The bard paused on the threshold. “I, uh, don’t know!”
I nodded. Perfect. Absolutely tracked. Zeno had no fucking clue. “Vibes, okay.”
The announcer relayed the same score as last time as I entered this new, wider room. There were a lot of columns. Beyond those loomed another portal.
“Is this the one I have to go through, Zeno?” I had only been through the portals once and like, I was not desperate to try this out.
“Maybe?” he said. “Or the northwest?” I could have sworn those were different directions than he’d given me before, but whatever. “If it’s not, then go through again and you’ll be at your ball.”
Momentarily stupefied by this sentence, I blinked. “Uh, okay.”
Then he ran through this portal.
There was another bad noise.
“Incorrect portal,” said the announcer. “Returning focus to original location.”
Zeno must have picked it up again, because the next time the announcer read out the score, it was still us with three and one.

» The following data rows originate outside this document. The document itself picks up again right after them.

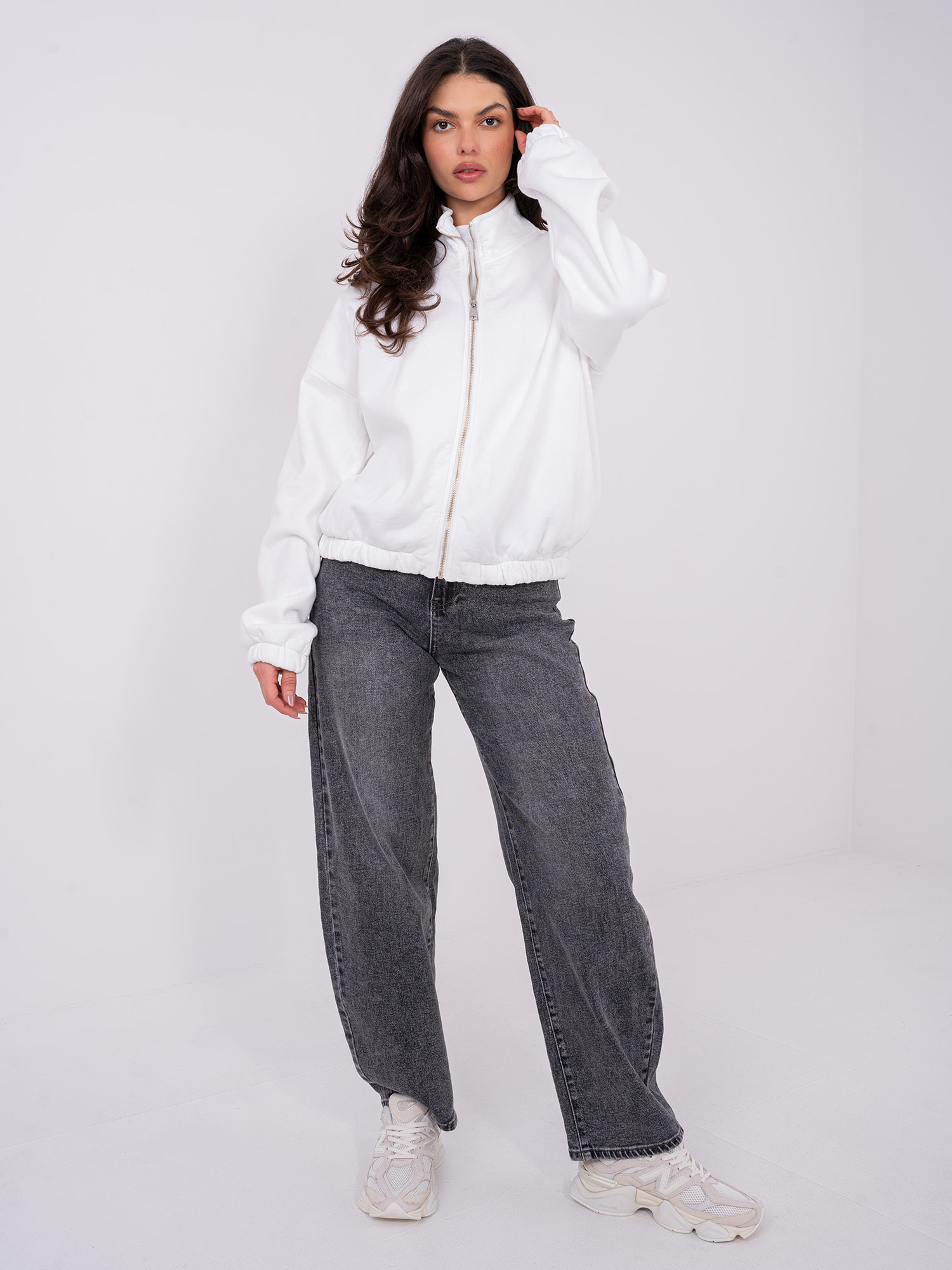 Ecru rozpinana bluza basic z bawełny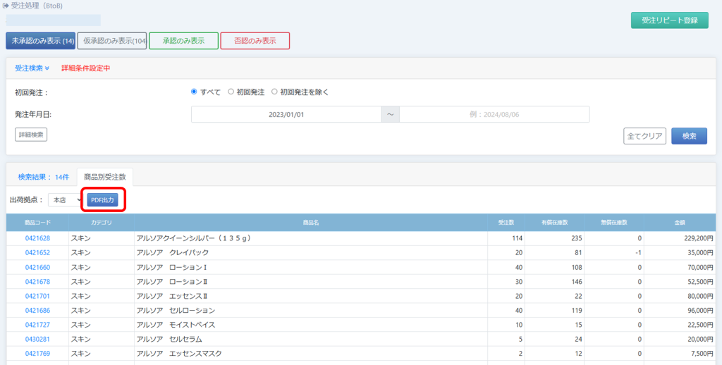 未承認のみ表示>商品別受注数タブ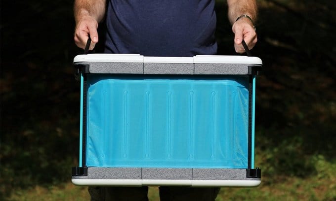 This ingenious device only needs water and utilizes an evaporative cooling system to keep its contents cold. It uses a material called PhaseTek, which allows water vapor to easily evaporate from the sides of the box without letting any of the liquid to leak out. The material holds water within the actual walls of the cooler.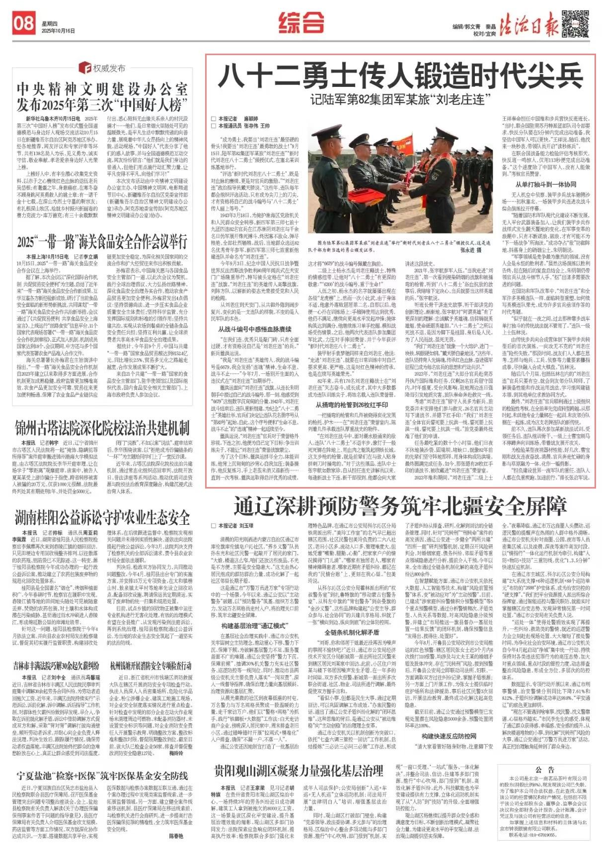 任務(wù)最吃緊的數(shù)十個小時里,他們?nèi)找共恍莸匮b沙袋、固堤壩、堵缺口,就像82年前的先輩們堅守陣地那樣,用身體構(gòu)成防洪堤,最終圓滿完成任務(wù)。如今,那張摁有26枚紅手印的請戰(zhàn)書,被收藏進“劉老莊連”榮譽室。

With that, Zeno was gone again.
“I don’t even know why I bother,” I said to no one.
“Monsters will be released the next round,” chirped the announcer, after they kept the score.
“WHAT!”
This was too much to bear. I read the stupid plinth. This is the seventh in the cycle of portals. There are two distinct groups.
“Oh my god,” I groaned. “This does not match. Seven does not equal four. Yuck. Gross. Ugh.”
With much weariness of soul, I headed to the northwest.
But then Helli stepped out of the portal.
“Oh man!” My weariness dropped away. “All my friends are visiting me!”
Dronie even popped through the portal and then left through it, but like, that was fine.
I told Helli of my northwesterly intentions and departed. The announcer stated the three focus score again, so I figured Zeno had reunited with his goblet yet again.
“Starting at the end of this round,” the voice said, “a monster will be released from every portal until you lock a locus.”
Encouragingly, I found a dead end. I turned to follow after Helli, who had disappeared ahead.
A scrabbling noise echoed through the hallways around us.
I moved forward and sighed bodily. Eventually, after a few more repetitions of the same score, I reached the scene of the fire.
“Oh my god, I cannot believe this.” I stopped before a literal carpet of fire. Someone had goofed on the trap front and here I was, reaping the benefits of their folly.
The voices in the other room turned out to be my good friends, Zeno, Helli, and Tem.
Zeno told me with a barely repressed smile that he thought he knew where the portal was that I had to get to. “It’s southwest. Tem just stepped through this portal to get there.”
I seethed inwardly, knowing that taking that portal would get me to the right spot but absolutely not get the focus I carried there.
I mentally prepared myself for another long and shitty slog.
“Rest assured,” the bard said, scenting my despair, “I have a plan.”
How many times did I have to hear that line before I stopped believing he really did?
Not enough, I guess, because I tilted my head up. “Let’s hear it.”